The two dimensional data interpolation described above with respect to FIG. 2 is also applicable to the system of FIG. 1B. Using time dimension interpolation can reduce the computer resources required to implement the system 120, because the object simulator 122 can update the state of the simulated object less frequently than might otherwise be the case. When the update rate of the simulator 122 is reduced, the rate of scans performed by the simulated object scanner 128 is similarly reduced. Time dimension interpolation by the audio rate scanner 112 provides smooth transitions between the scanned values from the relatively infrequent object scans.

In some implementations of the system shown in FIG. 1B, the object simulator 122 and the simulated object scanner 128 are merged into a single module that periodically generates a set of scanned object values. In other implementations, the simulated object scanner 128 and the audio rate sampler 112 are merged into a single module that outputs an audio frequency signal.

FIG. 4 shows an example of an implementation of the invention using a physical object 102-1 consisting of a liquid held in a tank. The actuator 106-1 is used to make waves, and the object scanner 108-1 measures the height of the liquid z(i) at a sequence of positions (i=1 to N), such as positions determined by projecting an oval onto the surface of the liquid. The other components of the system are as described above.

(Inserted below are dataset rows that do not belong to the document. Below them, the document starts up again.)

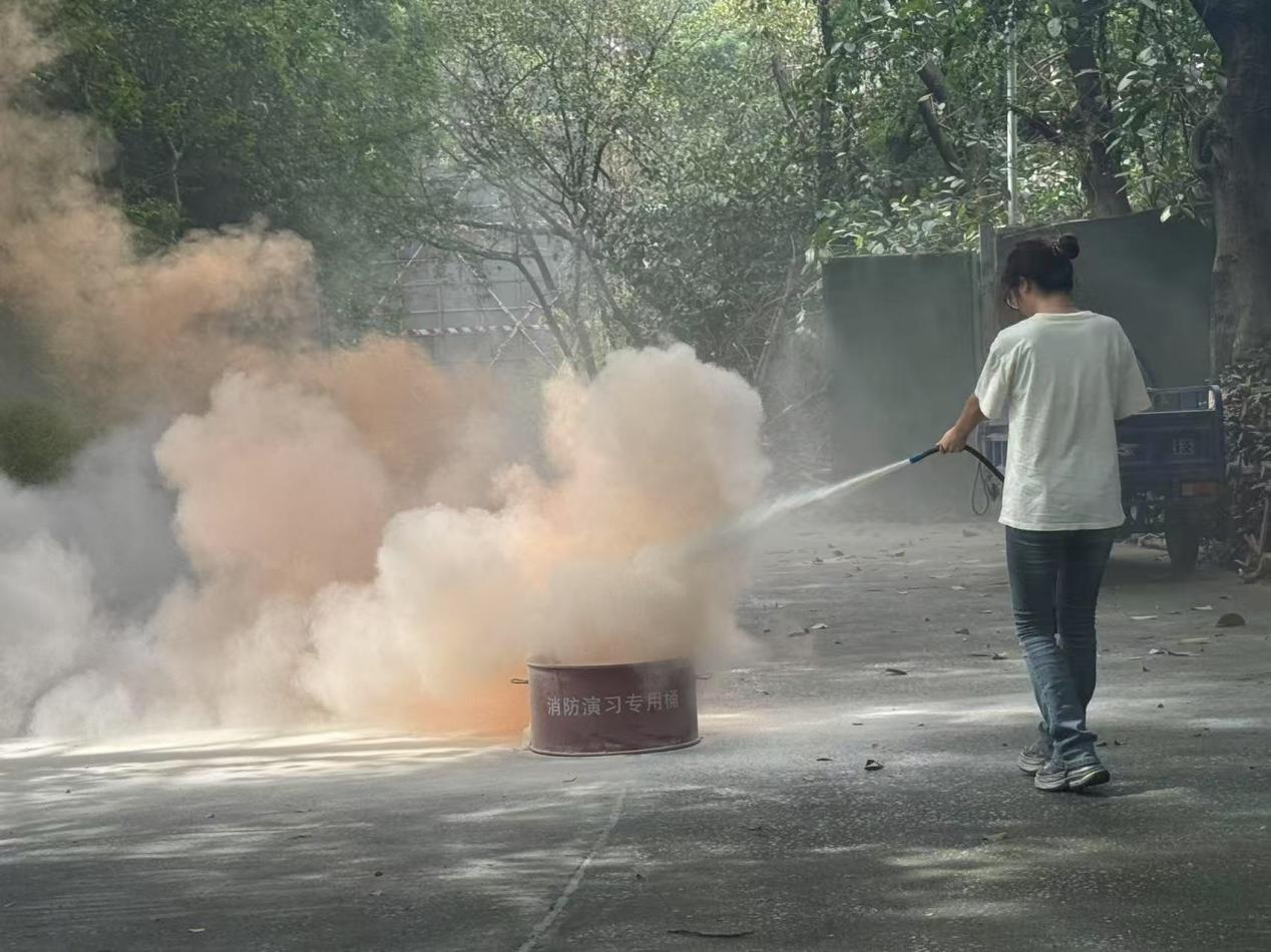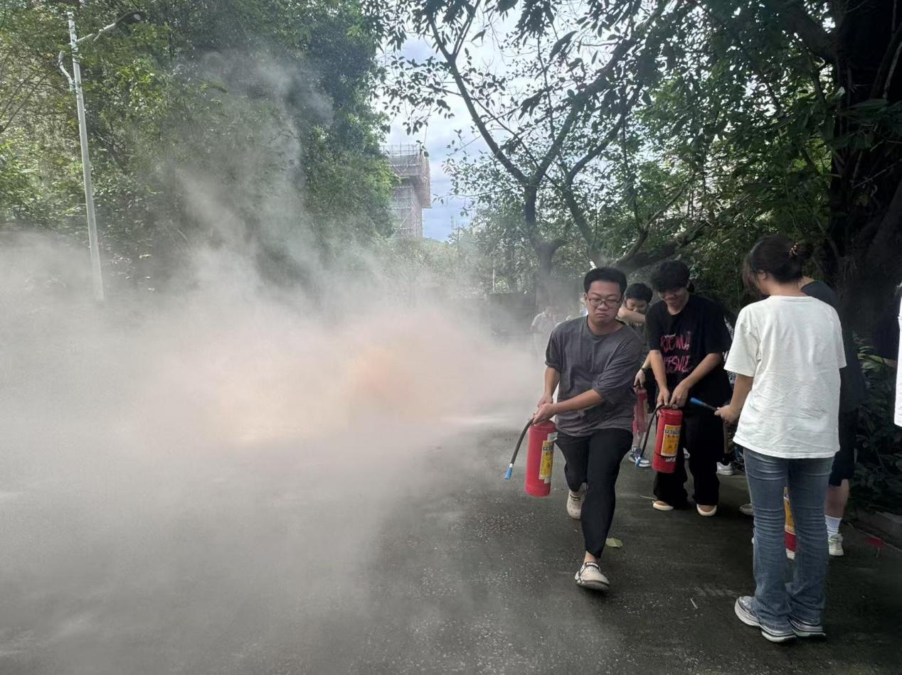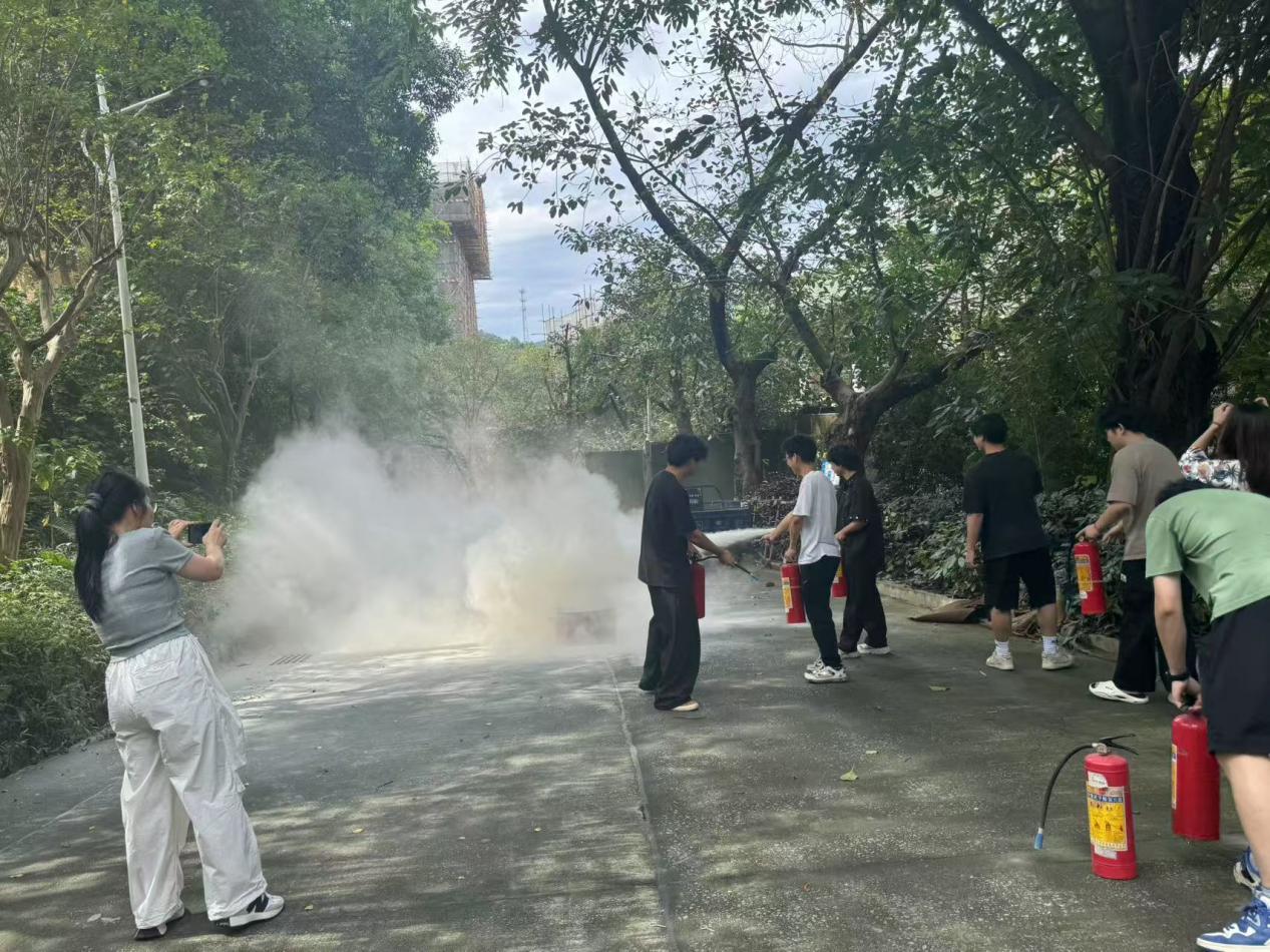 光有理论可不够,关键是要能上手!在李老师清晰演示了灭火器及消防过滤式自救呼吸器(防火面具)的正确使用方法后,我们迎来了最期待的实战环节——灭火器实操演练。在老师专业指导下,学生馆员严格按照“提、拔、握、压”的步骤操作灭火器。从初次尝试的紧张,到逐渐掌握瞄准火源根部、稳定喷射的技巧,每一次按压手柄,都是对“纸上谈兵”的超越。这次亲身体验,让我们真实感受到了灭火器的分量和操作要点,更重要的是,我们真切学会了如何正确应对初期火灾,应急处置的信心极大增强!
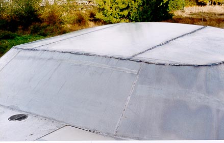 Oct 18 1998 8 hour: Put in two more cabin top frames. Weldout cabing top seams and most of cabin edge except sides which will be done after more framing is in. Weldout about 70 feet of knuckle seams, spent half the day on my knees... felt like Monica. Tacked up chunks for cockpit sole and start layout.
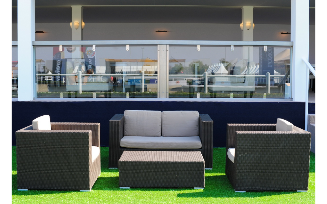 At Hafla, you can rent Richmond Outdoor Seating. One Richmond Sofa, two Richmond Armchairs, and one Richmond Coffee Table make up this outdoor seating. Rattan Single and Double Seat Sofas are available, as well as a Rattan Coffee Table. This sofa set is great for use at Galas, Dinners, Corporate Parties, Weddings, and Events.
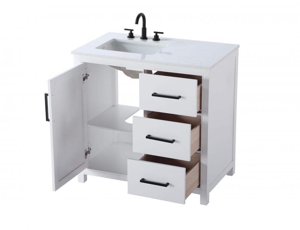 The slender black metal handle pulls on the doors and drawers offer a sleek, modern contrast to the white finish, adding to the vanity's sophisticated look.
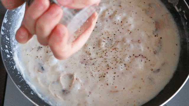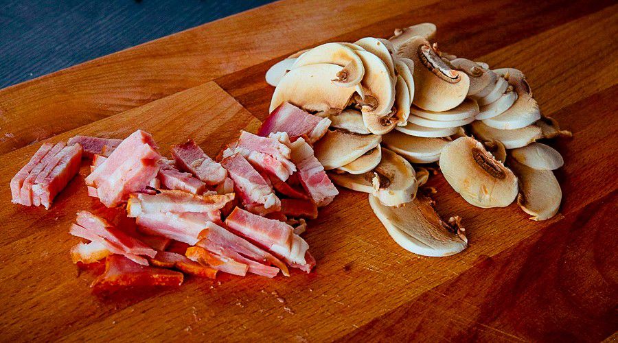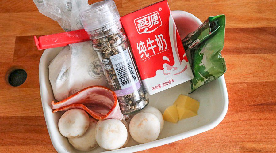 口蘑|黄油|培根|面粉|牛奶|黑胡椒|欧芹
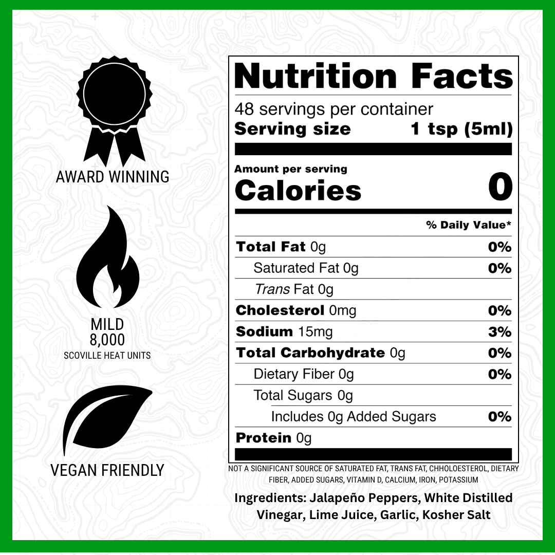 Jalapeño Peppers, White Distilled Vinegar, Lime Juice, Spices, Salt
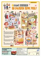 대구지역 이마트가 지역 전통시장 활성화에 나선다고 22일 밝혔다.이마트는 오는 23일부터 29일까지 만촌점에서 대구 동구시장을 알리는 전단지를 매장에 비치한다.대구 동구시장은 이마트 만촌점과 약 300m 거리에 이웃한 대구 수성구 최대 규모의 전통시장으로 분식부터 빈대
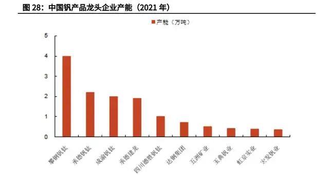 據(jù)某機構(gòu)統(tǒng)計,國內(nèi)釩產(chǎn)品產(chǎn)能合計 17.14 萬噸(2021 年底),釩產(chǎn)品生產(chǎn)的前十大企業(yè)分別是攀鋼釩鈦、承德釩鈦、成渝釩鈦、承德建龍、四川德勝釩鈦、 達鋼集團、五洲礦業(yè)、玉典釩業(yè)、虹京實業(yè)、宏發(fā)釩業(yè)。
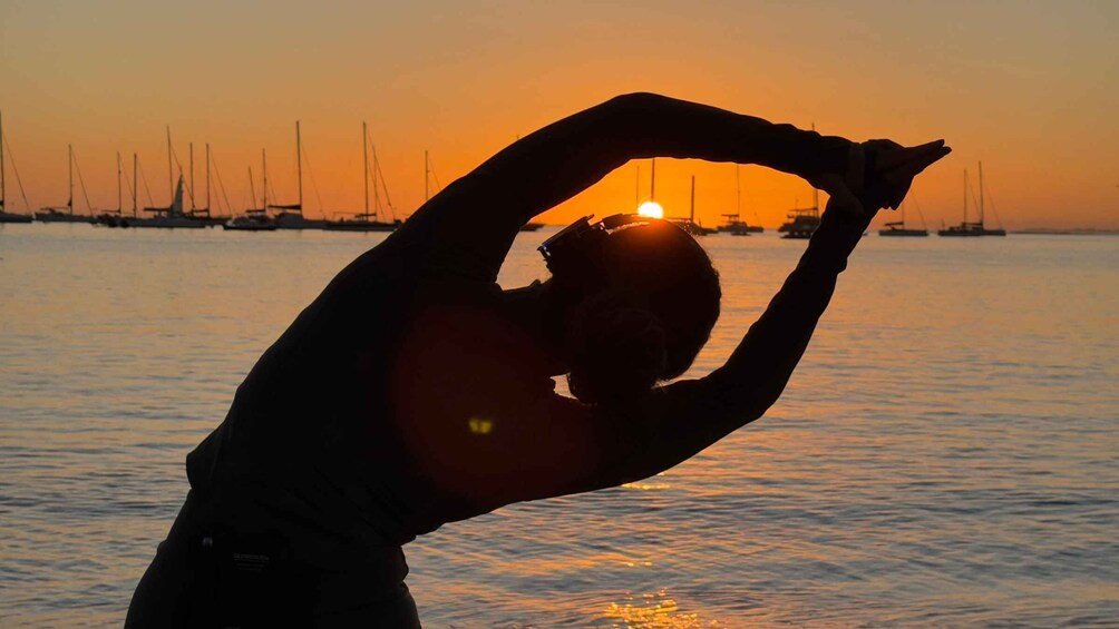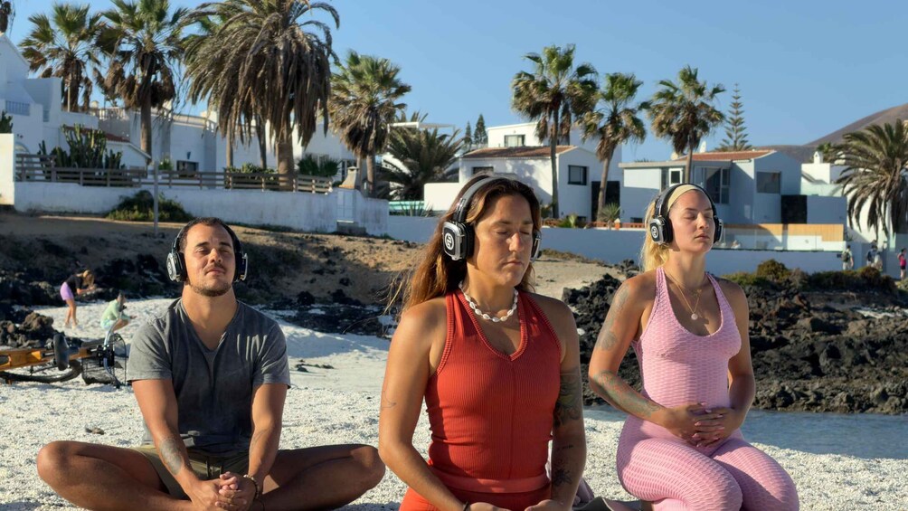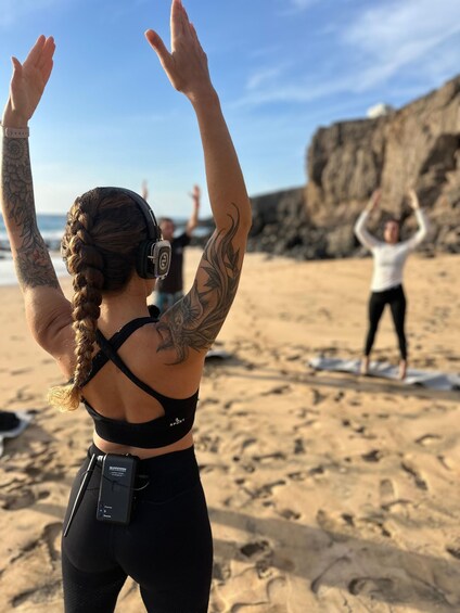 The experience is guided through a wireless headphone system, allowing you to hear the teacher clearly and stay fully immersed in the practice while enjoying the sounds and atmosphere of the ocean.
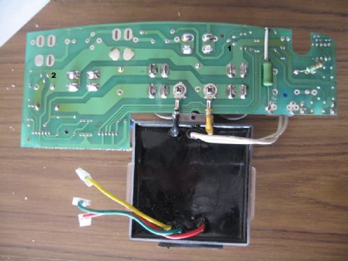 you can see the transformer primaries that I mentioned earlier, a couple tracks are cut with components added, if you look closely I have numbered the SCR's so you can see the track they are controlling, No2 is next to the coil.
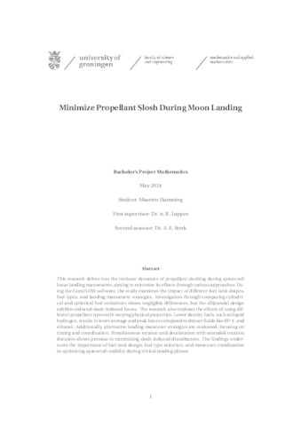 Hamming, Maarten (2024) Minimize Propellant Slosh During Moon Landing. Bachelor's Thesis, Mathematics.
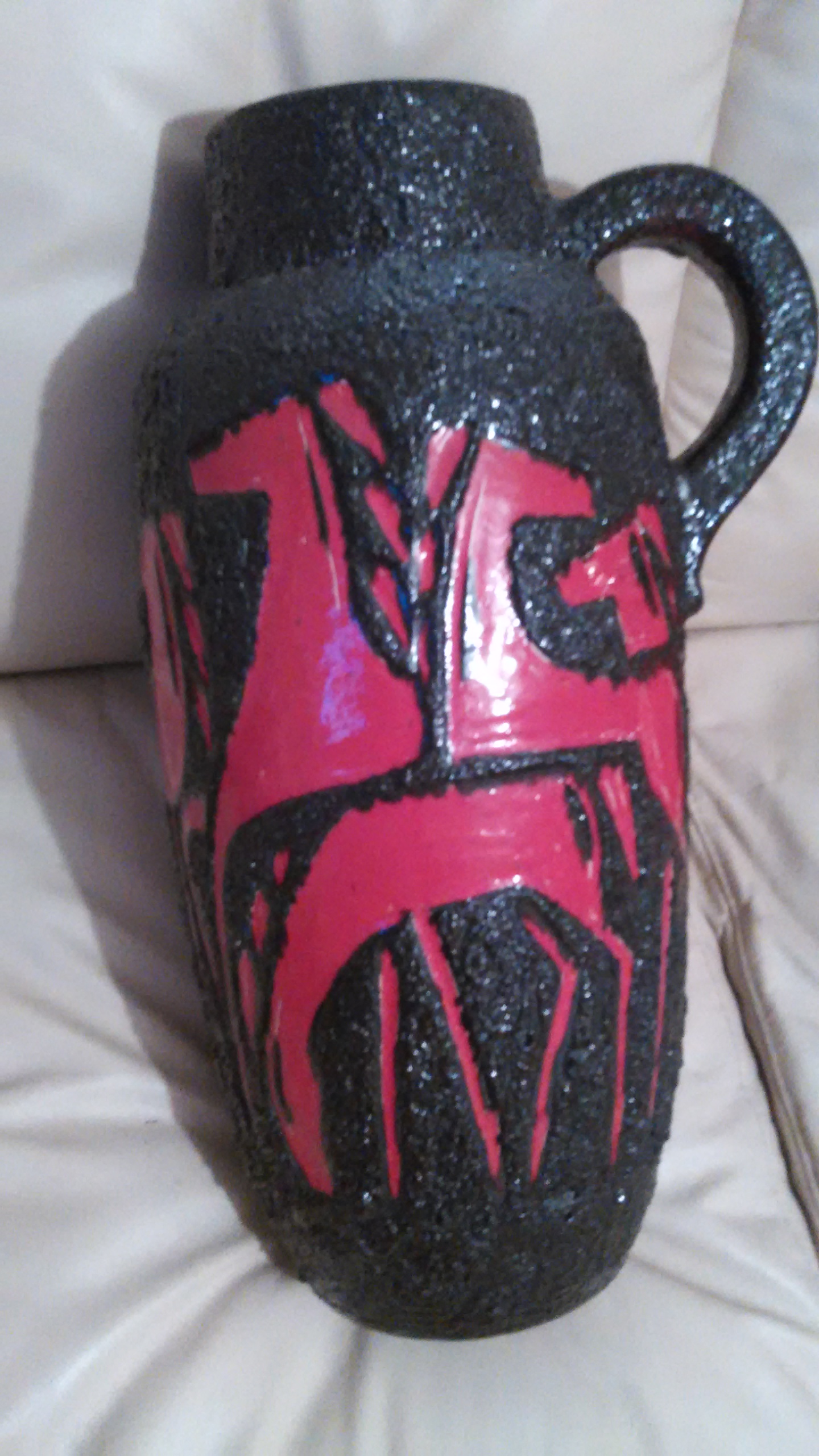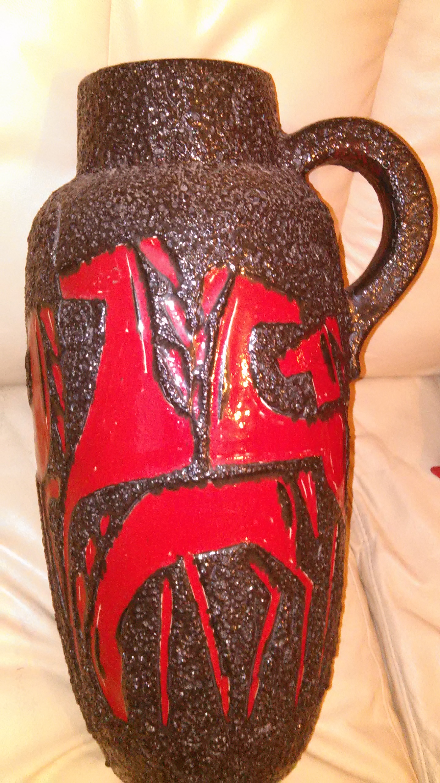 Description I bought this large vase wit a handle. Is dark brown and it has red gacels cut ins . it has the # 420-54 on the bottom. I will like to know what it is and who made it.

Before stimulation of the liquid, the surface of the liquid will be flat and constant. As a result, the scanned values will be constant and no sound will be heard. If the actuator is used to slowly and gently press on the surface of the liquid, sound will be generated as the shape of the liquid surface slowly changes and the sound will then taper off as the liquid returns to a flat surface state. More vigorous and continued stimulation of the liquid will cause louder and higher frequency sounds to be generated, with the spatial frequencies of the liquid surface being translated into acoustic frequencies. The rate of change of the shape of the liquid surface governs the rate of change of the frequency components of the sound being generated.

In a more complex implementation, the sampling rate of the audio rate sampler 112 may be controlled by another sensor, such as a musical keyboard.

Finite Element Model

Referring to FIG. 5A, a vibrating physical object is typically modeled in a simulator as a finite element model. FIG. 5A represents a model for a vibrating string, in which the horizontal position of each mass (M1 to MN) is fixed, but the vertical position of each mass changes over time in accordance with (A) the positions of its neighbors and (B) any stimulus applied to the simulated string. A set of difference equations are used to update the state of each element of the model over time, as well as to determine the interactions between neighboring elements. An example of such a difference equation is:

xn(i)=P1•xn(i−1)+P2•{xn+1 (i−1)+xn−(i−1)}+P3•xn(i−2)+P4•{Actuator Force}

where i is a time index, n identifies the mass whose vertical position is being computed, and P1, P2, P3 and P4 are model parameters. For example, in a simple string model, suitable model parameters would be P1=2—2F/M where F is the force applied to the mass by the springs, and M is the mass of the element, P2=F/M, P3=1 and P4=0.5.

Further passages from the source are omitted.